A sentencing hearing is scheduled for July 8, 2014. Brown faces a maximum possible sentence of 486 years in prison, including a mandatory two year term, five years of supervised release, a fine of up to $15 million, and $2,000 special assessment. A forfeiture notice was also filed seeking more than $13.7 million from all defendants.

KREW As alleged in the indictment, KREW is an acronym of the first names of Kevin Joseph Franklin, Roderick L. Foxworth, Sr., Eric Sijohn Brown, and Walter Alston Brown, Jr. Settlement Services was a Philadelphia real estate settlement company, and Brown was a general contractor who worked with his co-defendants to identify distressed properties to purchase, typically in the West Philadelphia area.

The scheme involved recruiting straw buyers whose credit history and personal information was used to purchase the properties, obtain mortgage loans, and take title to the properties, when, in reality, the properties were owned and controlled by the defendants. Mortgage loan applications were then prepared in the names of the straw buyers containing a host of false information, including false purchase prices, false employment and income information, and false statements about the straw buyers living in the properties. Mortgage brokers—including Roderick Foxworth, Walter Brown, and John William Polosky (charged separately in the Western District of Pennsylvania)—allegedly submitted the fraudulent loan applications to lenders to secure the loans for the buyers, knowing that the information was false.

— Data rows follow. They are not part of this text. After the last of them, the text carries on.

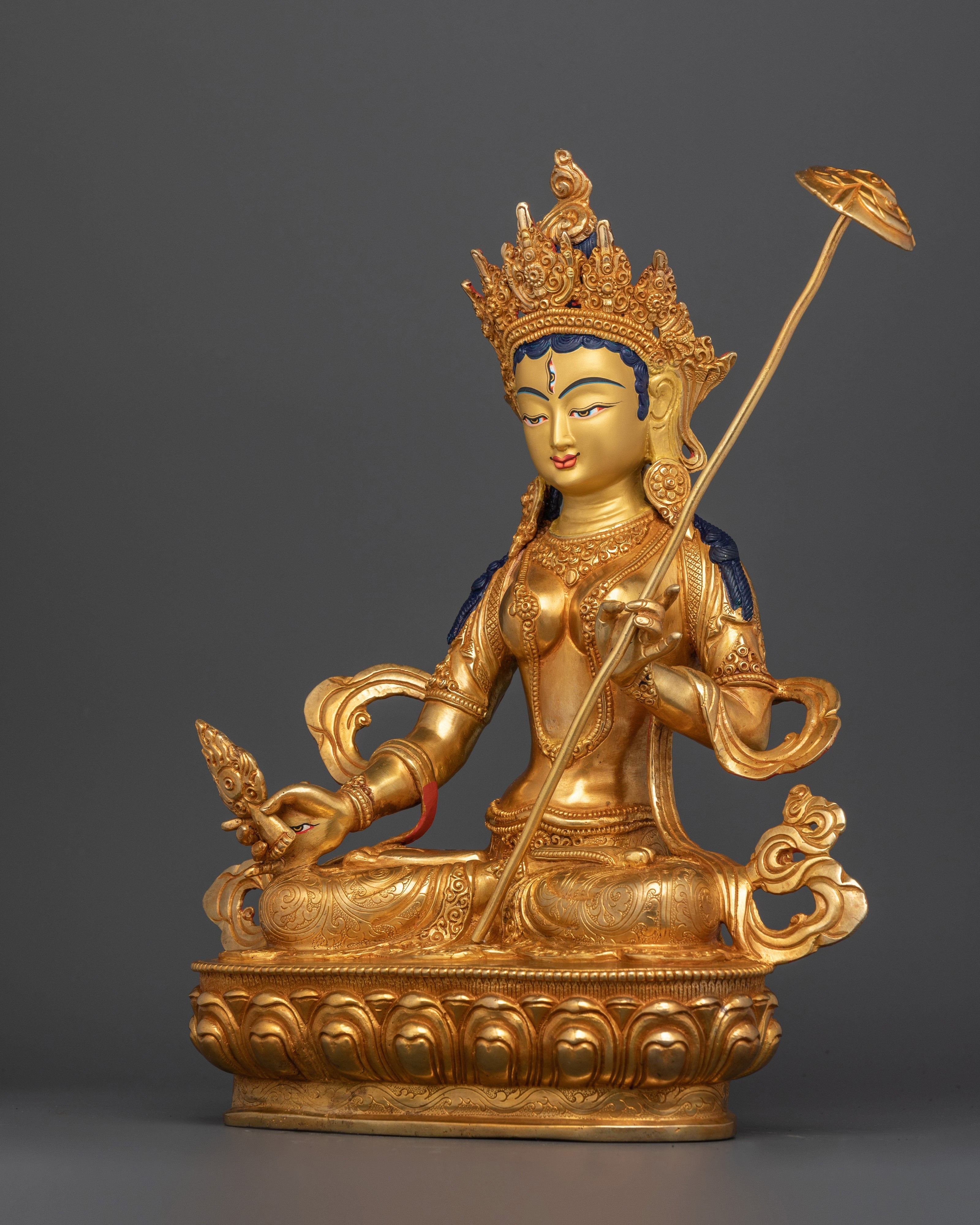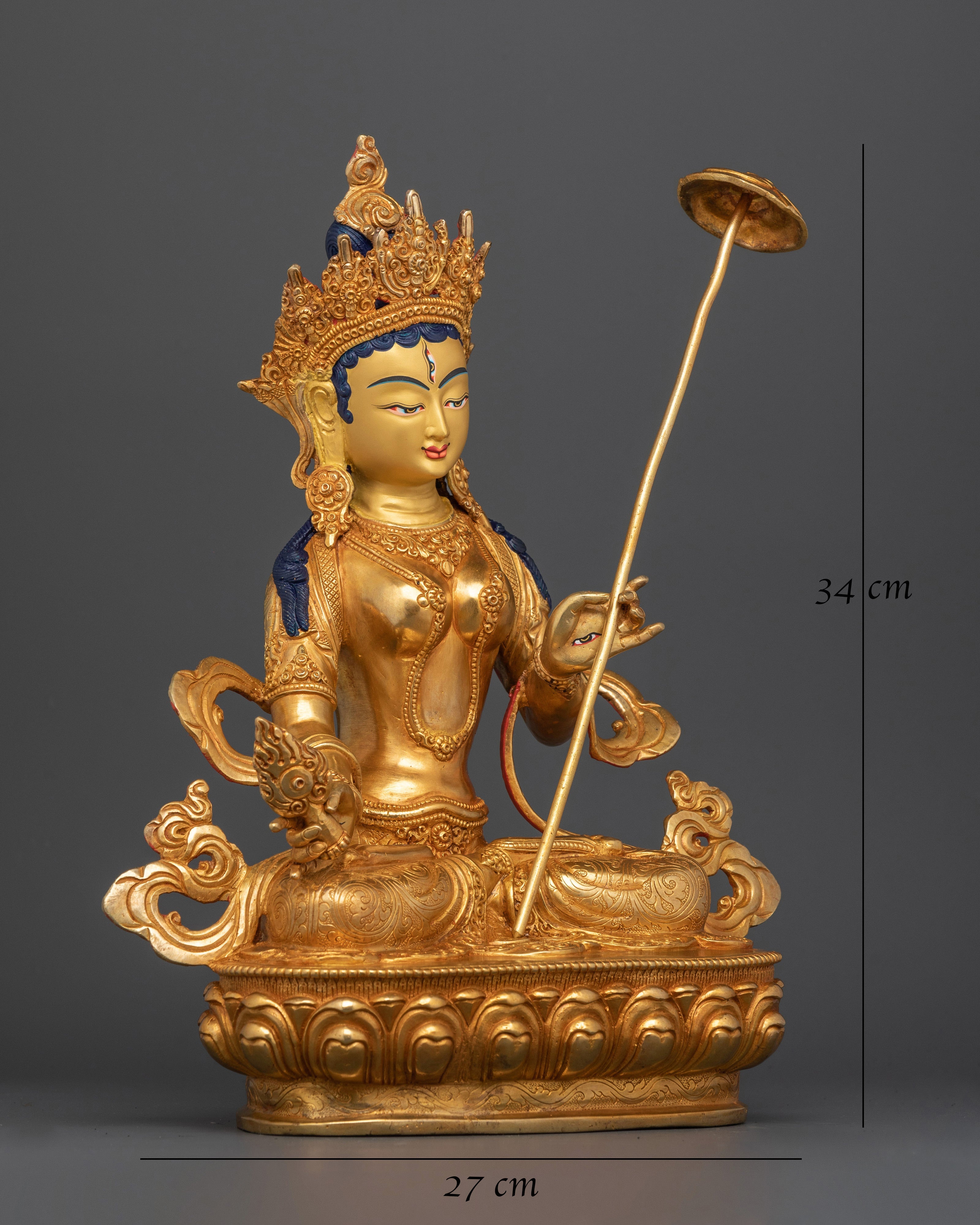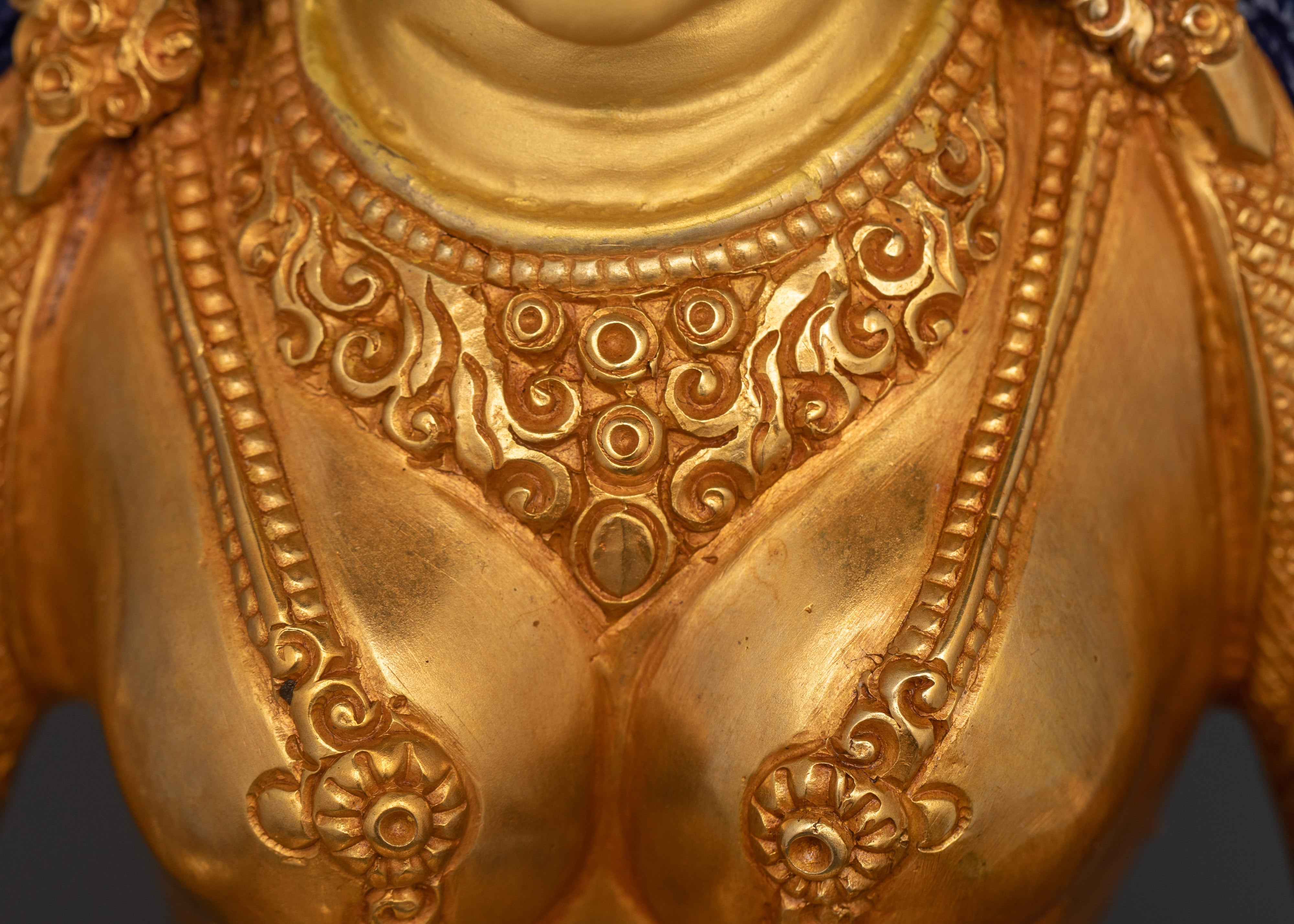 The White Umbrella Goddess, or Dukar, is adored in Tibetan Buddhism for her strong capacity to protect practitioners from harmful influences and impediments. Her tranquil and protecting presence is thought to provide spiritual safety and blessings, making this statue an ideal addition to any altar or meditation space.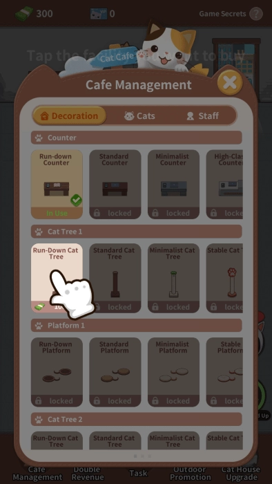 升级你的猫咪,能增强和顾客的互动,还能获取更多奖励。你的猫科动物家庭成员越多,咖啡馆的生意就会越红火!
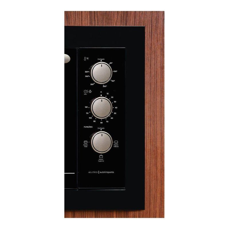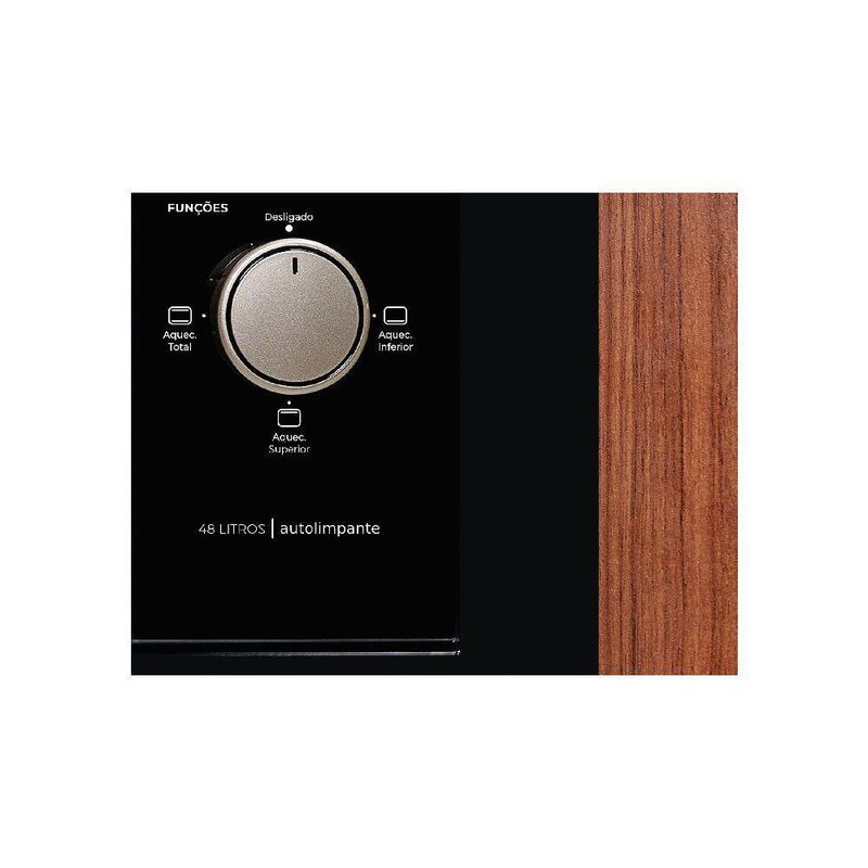 Funções: Assa, doura, tosta, gratina, aquece, Luz piloto, Lâmpada interna, Pés antiderrapantes, Porta com vidro duplo serigrafado, Corpo interno com revestimento autolimpante

Charged with Brown were Roderick L. Foxworth, Sr., Cynthia Evette Brown, Walter Alston Brown, Jr., and Kevin Joseph Franklin. Cynthia Brown is alleged to have falsely verified that many of the straw buyers worked for her employer, Unicco Service Company, when they did not. Kevin Joseph Franklin, a title agent, is alleged to have falsely prepared two deeds and settlement statements (referred to as Form HUD-1)—one for the seller that showed the actual agreed-upon purchase price and a false one for the lender that showed the grossly inflated purchase price. Franklin is also alleged to have created false title insurance policies for the lenders.

After the loans funded, the seller was paid the agreed-upon purchase price, and the difference between the actual purchase price and the false purchase price quoted to the lender was shared with and distributed by Franklin to Eric Brown, Foxworth, Walter Brown, and Cynthia Brown, and many of these payments were not reflected on the HUD-1 forms.

In addition to the five defendants charged with Brown and the three defendants charged by the Western District of Pennsylvania, seven defendants were charged by information.

The case was investigated by the Federal Bureau of Investigation, the Internal Revenue Service-Criminal Investigations, and the Department of Housing and Urban Development’s Office of Inspector General. It is being prosecuted by Assistant United States Attorney Michael S. Lowe.